The gold standard adaptations of Donald Westlake crime thrillers are those by Darwyn Cooke of the Parker books Westlake wrote as Richard Stark. One only has to flick through The Hot Rock, however, to discover that Lax (Christian Lacroix) is a superb artist whose speciality is visual characterisation. Working in a form of cartoon naturalism, the people are memorably and distinctively designed, their personalities clear from their appearance, and those appearances in tune with the 1969 setting.

Westlake originally planned this to be Parker vehicle, but having constructed the plot concluded it was too comedic for Parker’s established tone, and he ended up with a new protagonist, John Dortmunder, just out of jail and already looking for his next job. Westlake rapidly sucks you into his novels, and this seduces from the start with the observation that a seasoned thief always looks for a car with MD plates as doctors tend to leave their keys in the car. The title refers to an emerald, historically the provenance of one African tribe, but now owned by another, but its display in New York affords an opportunity. Dortmunder is hired to put a team together.

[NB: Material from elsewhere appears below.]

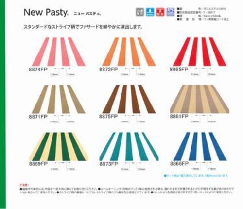 こちらテント生地「ニューパスティ」です。カラフルなデザインとバリエーションが人気です。オーニングや庇テントに使用させていただきます。弊社ではテント設計、施工のみならず生地のみの販売もしております。御気軽にお問い合わせくださいませ!

As The Hot Rock continues it becomes apparent why this wouldn’t work as part of Parker’s more orderly world. To reveal exactly how would ruin some enjoyment for the new reader, so we won’t. Suffice to say that this features all the trickery and surprises you’d expect from Westlake along with a watertight plot and amusing asides, such as Dortmunder’s experience selling encyclopedias door to door to keep his probation officer happy. Lax picks his elements well, and as with the best adaptations, were you not told it was originally a novel, you’d not suspect.

It’s with the art that Lax falls down slightly. He’s technically a superb artist with an elegantly thin line and brilliant technique when it comes to facial features. That’s coupled with excellent period details and the ability to create a grimy world. Yet The Hot Rock is an extremely cinematic piece, featuring use of a steam train, a helicopter, and the causing of a panic in New York, and by keeping the focus tight in on the main cast Lax deliberately avoids the spectacular image time and again. This isn’t an artist being idle, as there’s no shortage of detail in the pages, but it’s a missed opportunity. The muted wash colour scheme he uses also fails to enliven and it frustrates as Lax isn’t doing his own art any favours.

The book however, is reasonably priced and a great read, just not as good as it might have been.